BEGIN Records shown

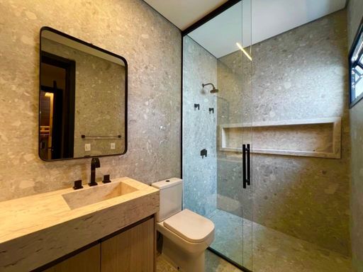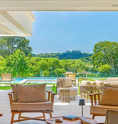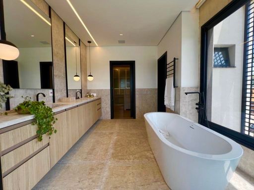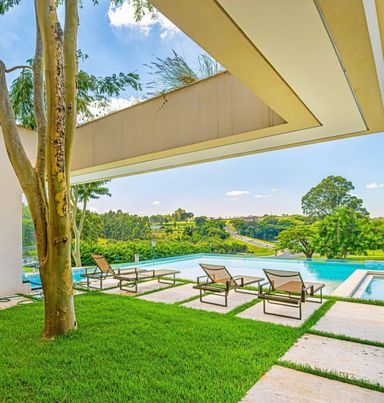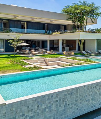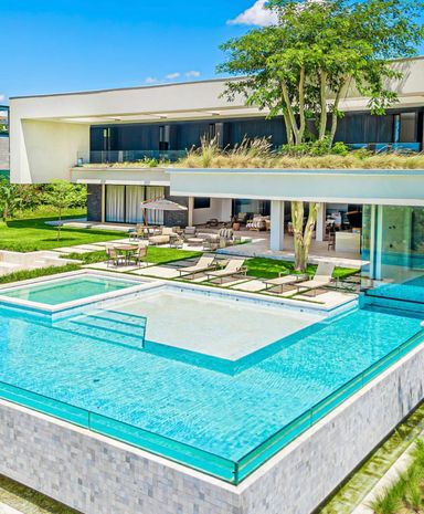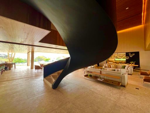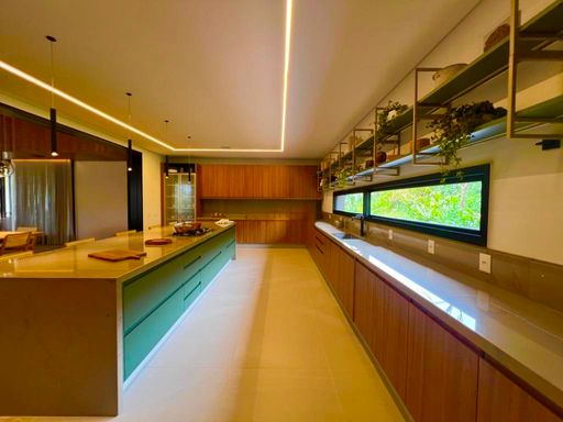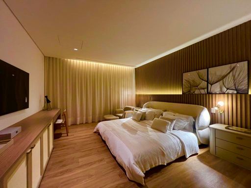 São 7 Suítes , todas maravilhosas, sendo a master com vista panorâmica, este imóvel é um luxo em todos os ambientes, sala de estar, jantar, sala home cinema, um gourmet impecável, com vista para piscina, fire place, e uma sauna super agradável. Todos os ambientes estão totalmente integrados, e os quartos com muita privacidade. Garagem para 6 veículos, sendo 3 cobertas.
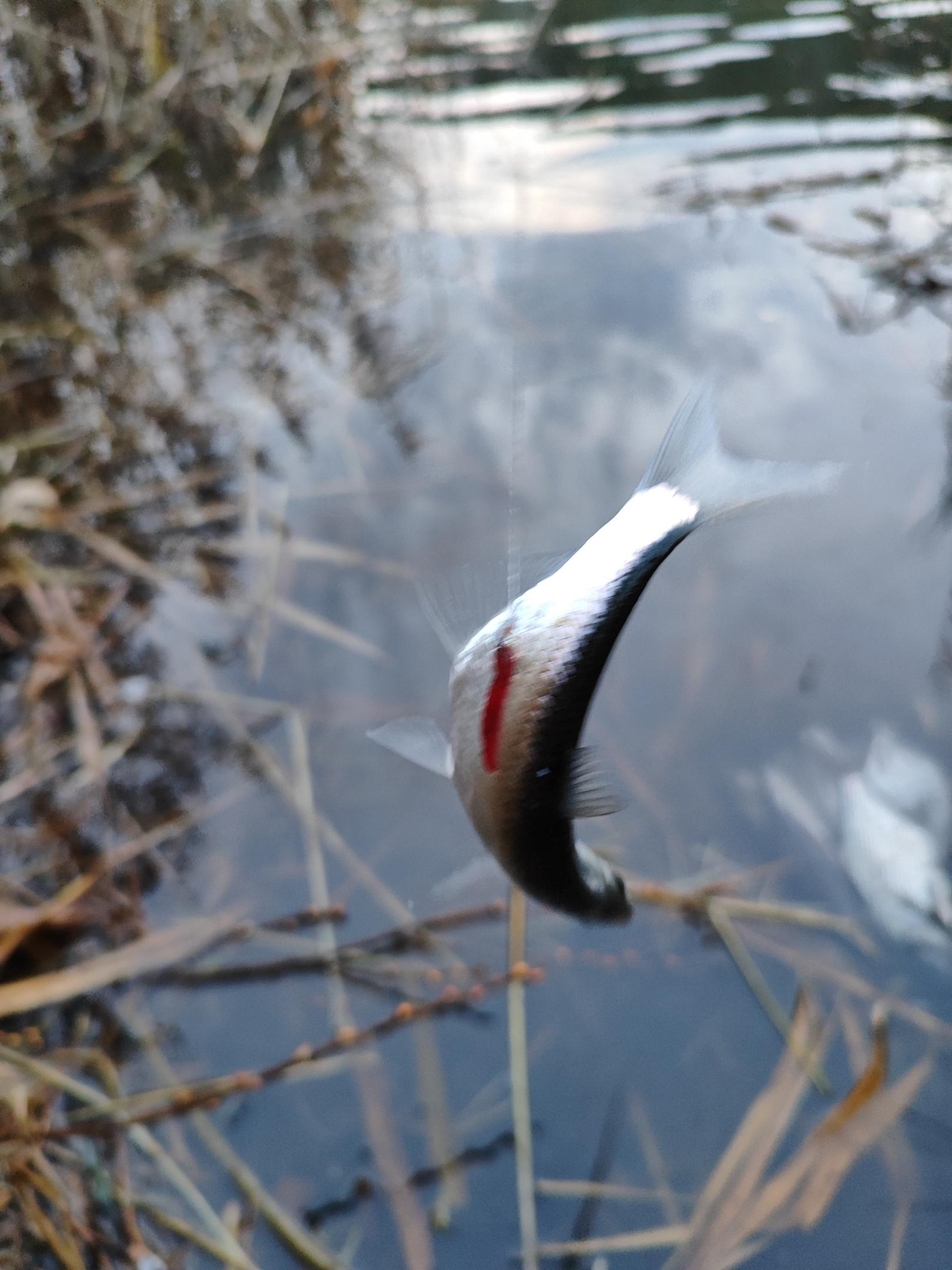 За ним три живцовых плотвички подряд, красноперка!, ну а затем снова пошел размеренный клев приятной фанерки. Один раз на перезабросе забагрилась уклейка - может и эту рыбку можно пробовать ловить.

END Records shown
BEGIN Records shown

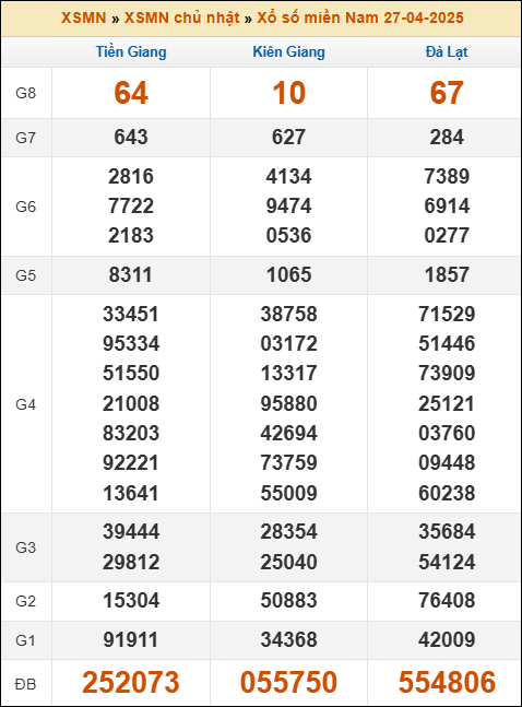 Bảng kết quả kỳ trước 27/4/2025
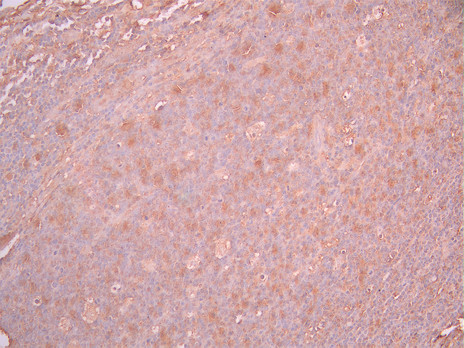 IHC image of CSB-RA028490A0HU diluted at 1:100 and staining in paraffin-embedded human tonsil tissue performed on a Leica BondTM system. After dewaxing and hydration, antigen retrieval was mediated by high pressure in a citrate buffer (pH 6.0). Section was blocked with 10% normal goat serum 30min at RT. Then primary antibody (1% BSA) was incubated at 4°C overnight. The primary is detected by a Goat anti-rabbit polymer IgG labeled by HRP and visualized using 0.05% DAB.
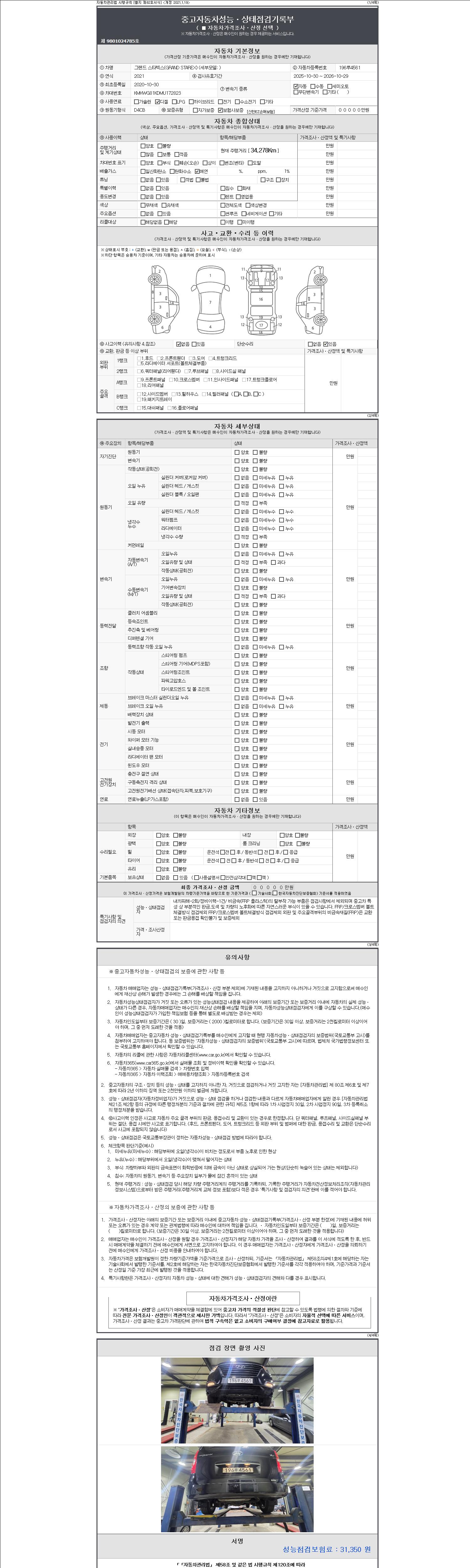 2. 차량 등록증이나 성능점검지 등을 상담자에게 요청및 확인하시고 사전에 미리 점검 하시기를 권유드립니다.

END Records shown
BEGIN Records shown

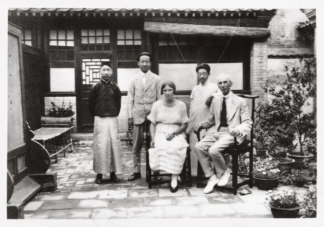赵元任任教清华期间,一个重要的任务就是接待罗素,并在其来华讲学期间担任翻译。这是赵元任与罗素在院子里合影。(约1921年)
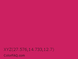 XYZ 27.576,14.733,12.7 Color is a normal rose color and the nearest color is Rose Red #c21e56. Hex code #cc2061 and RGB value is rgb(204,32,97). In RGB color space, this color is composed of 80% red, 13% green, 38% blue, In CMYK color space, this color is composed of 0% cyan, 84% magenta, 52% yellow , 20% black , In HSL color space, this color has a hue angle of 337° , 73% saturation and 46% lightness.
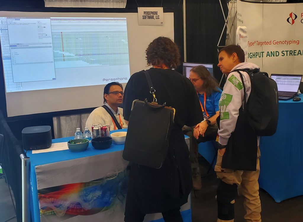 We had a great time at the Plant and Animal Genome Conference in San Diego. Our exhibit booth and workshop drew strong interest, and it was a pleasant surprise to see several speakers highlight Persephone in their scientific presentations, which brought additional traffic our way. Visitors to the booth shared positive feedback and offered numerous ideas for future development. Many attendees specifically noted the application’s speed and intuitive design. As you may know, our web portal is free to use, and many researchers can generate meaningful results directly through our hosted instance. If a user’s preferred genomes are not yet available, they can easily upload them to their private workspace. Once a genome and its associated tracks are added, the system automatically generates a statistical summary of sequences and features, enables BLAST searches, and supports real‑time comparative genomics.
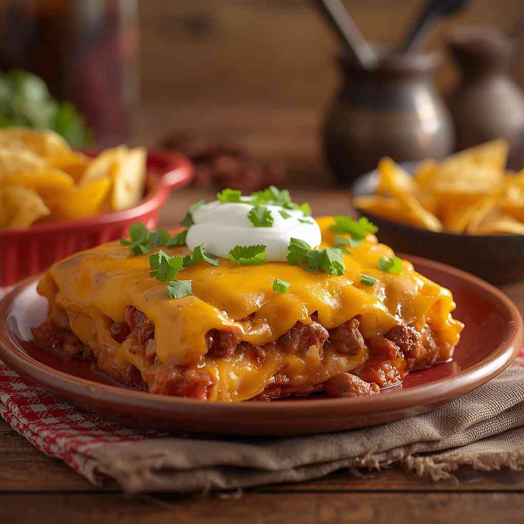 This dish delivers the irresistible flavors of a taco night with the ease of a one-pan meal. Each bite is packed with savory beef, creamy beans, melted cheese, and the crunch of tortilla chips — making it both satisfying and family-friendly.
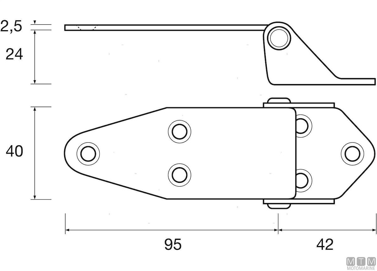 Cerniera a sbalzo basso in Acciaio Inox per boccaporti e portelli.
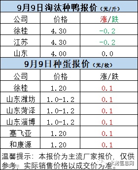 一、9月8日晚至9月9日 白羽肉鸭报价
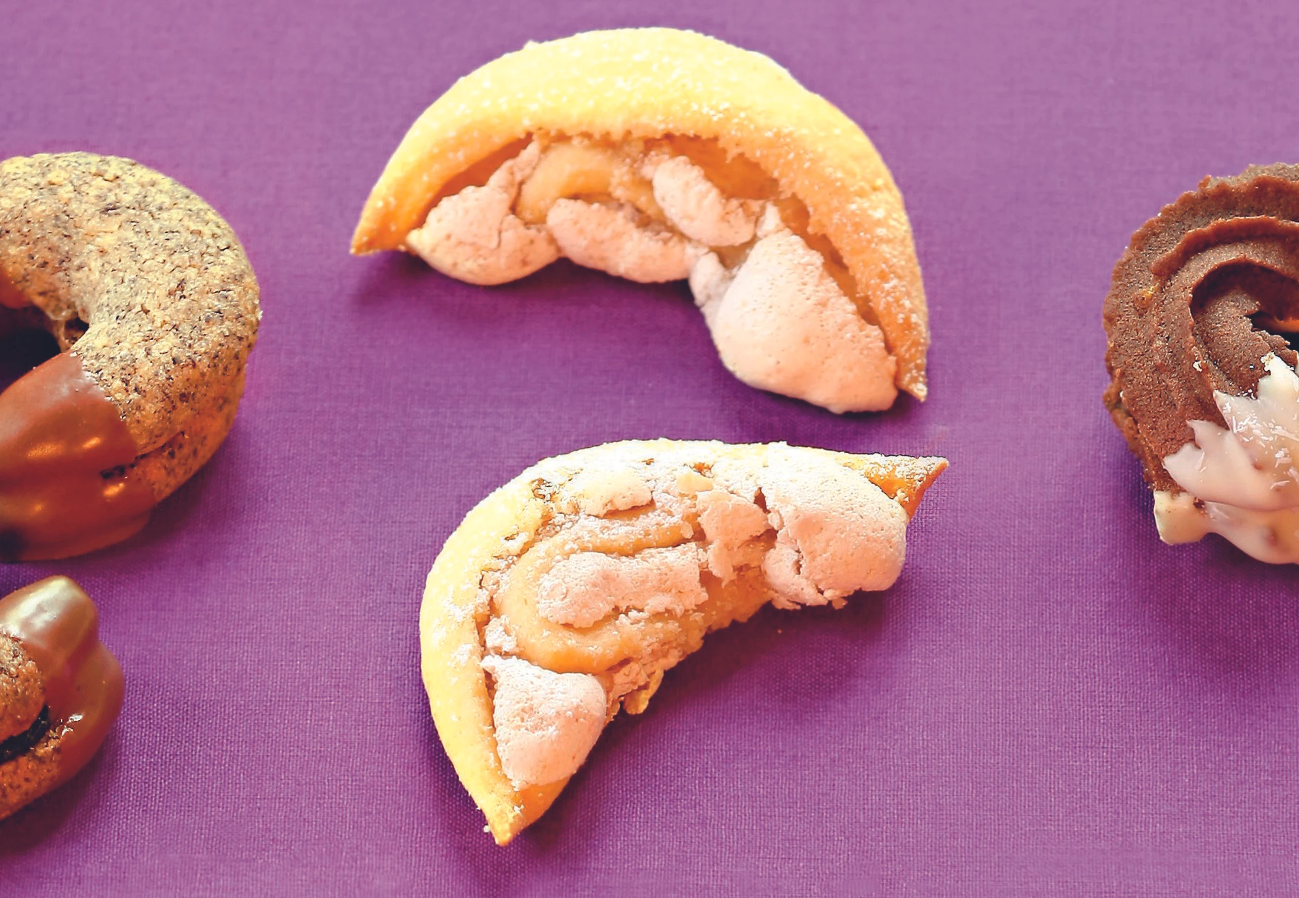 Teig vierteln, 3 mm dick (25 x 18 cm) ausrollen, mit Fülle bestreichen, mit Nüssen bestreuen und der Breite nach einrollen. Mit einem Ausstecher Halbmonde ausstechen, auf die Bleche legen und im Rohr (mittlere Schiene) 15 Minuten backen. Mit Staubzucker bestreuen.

END Records shown

**What the task asks:** Everything from the line with "São 7 Suítes" through the line with "За ним три живцовых" in the material above should be transcribed exactly, except the pictures.

**Response area:**
 São 7 Suítes , todas maravilhosas, sendo a master com vista panorâmica, este imóvel é um luxo em todos os ambientes, sala de estar, jantar, sala home cinema, um gourmet impecável, com vista para piscina, fire place, e uma sauna super agradável. Todos os ambientes estão totalmente integrados, e os quartos com muita privacidade. Garagem para 6 veículos, sendo 3 cobertas.
 За ним три живцовых плотвички подряд, красноперка!, ну а затем снова пошел размеренный клев приятной фанерки. Один раз на перезабросе забагрилась уклейка - может и эту рыбку можно пробовать ловить.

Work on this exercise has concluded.